Удивительно уже то, как Хайдеггер умеет приковать наше внимание к этой близости переживания окружающего мира. Но хотя тогдашние студенты чувствовали то же, что и мы сегодня, – что их чуть ли не против воли втягивают в этот способ мышления, – потом наступал момент, когда они недоуменно протирали глаза и спрашивали себя: да что же это было, какое мне дело до переживания кафедры? Карл Ясперс в своих заметках о Хайдеггере, которые он собирал с двадцатых годов и которые в момент его смерти все еще лежали на письменном столе, точно сформулировал впечатление от этого опыта встречи с философией Хайдеггера. Яс-перс охарактеризовал Хайдеггера так: «…среди современников самый волнующий мыслитель: властный, подчиняющий себе, таинственный – но потом отпускающий пустым».
И действительно, за переживанием окружающего мира, каким оно описано в этой хайдеггеровской лекции, скрывается «пустотелая» тайна. Хайдеггер показывает, что мы обычно не открываемся навстречу непосредственному переживанию во всем его богатстве.
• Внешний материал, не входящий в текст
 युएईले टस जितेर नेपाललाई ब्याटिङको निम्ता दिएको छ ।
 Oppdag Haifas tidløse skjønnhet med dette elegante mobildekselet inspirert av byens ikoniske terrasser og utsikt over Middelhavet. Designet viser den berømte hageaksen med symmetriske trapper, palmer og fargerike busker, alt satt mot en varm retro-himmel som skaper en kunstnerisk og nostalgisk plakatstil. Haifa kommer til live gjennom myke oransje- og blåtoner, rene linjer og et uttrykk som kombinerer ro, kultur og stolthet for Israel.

Но когда дело доходит до того, чтобы определить и описать это самое богатство, он почти ничего не может сказать – кроме, как кажется, нескольких банальностей.
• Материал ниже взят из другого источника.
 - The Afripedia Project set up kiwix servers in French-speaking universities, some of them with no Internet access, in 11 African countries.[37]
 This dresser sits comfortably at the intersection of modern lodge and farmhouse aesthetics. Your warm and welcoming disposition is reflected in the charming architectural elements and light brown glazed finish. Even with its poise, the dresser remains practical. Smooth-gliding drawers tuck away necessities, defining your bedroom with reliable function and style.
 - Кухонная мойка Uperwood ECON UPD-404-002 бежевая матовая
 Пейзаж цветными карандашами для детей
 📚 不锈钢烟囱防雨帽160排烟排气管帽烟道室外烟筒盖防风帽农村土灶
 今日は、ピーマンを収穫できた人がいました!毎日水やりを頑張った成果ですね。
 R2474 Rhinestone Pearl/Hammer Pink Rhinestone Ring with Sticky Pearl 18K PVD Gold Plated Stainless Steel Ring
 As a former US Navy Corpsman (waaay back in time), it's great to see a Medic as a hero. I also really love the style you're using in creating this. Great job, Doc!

Но ведь Хайдеггер и не собирался докапываться до сути кафедры, он просто хотел на этом примере продемонстрировать определенный вид внимания – так, чтобы его можно было воспроизвести, – потому что считал, что, во-первых, такое внимание должно лежать в основе всякого философствования, и, во-вторых, мы (и вся философская традиция) обычно его «из-за спешки проглядываем». Настоящее философствование требует умения принять такую установку, настроиться на такое внимание – какими бы «предметами» или ситуациями ты ни занимался. Речь идет о методе, но о методе парадоксальном. Он заключается в том, чтобы исключить все остальные методы, методы теоретического подхода, и воспринять ситуацию такой, какой она «дана», – еще прежде, чем «я» сделает ее темой исследования или рефлексии. Уже даже в выражении «дана» содержится слишком много теоретического. Ведь, попав в определенную ситуацию, я не говорю себе: эта ситуация мне «дана»; нет, я нахожусь в ситуации, и если я целиком и полностью нахожусь в ней, то уже не существует никакого «я», которое противопоставляло бы себя этой ситуации. Если присутствует сознание своего «я» – это уже преломление изначальной ситуации. Восприятие и переживание не начинаются с «я»; «я» появляется лишь тогда, когда переживание уже дало трещину. Я теряю непосредственный контакт с ситуацией; тогда-то и возникает трещина. Или, если прибегнуть к другому образу: я смотрю на предметы через оконное стекло; себя самого я увижу только в том случае, если стекло не совсем прозрачно и потому имеет свойство отражения. Хайдеггер требует внимания, которое непосредственно включает в себя вовлеченность в ситуацию. Речь идет о чем-то среднем между экспрессивным способом выражения пережитой ситуации, с одной стороны, и дистанцирующем, овеществляющем, абстрагирующем говорении о ней – с другой. Речь идет о том, что жизнь должна быть прозрачна для себя самой в каждое ее мгновение.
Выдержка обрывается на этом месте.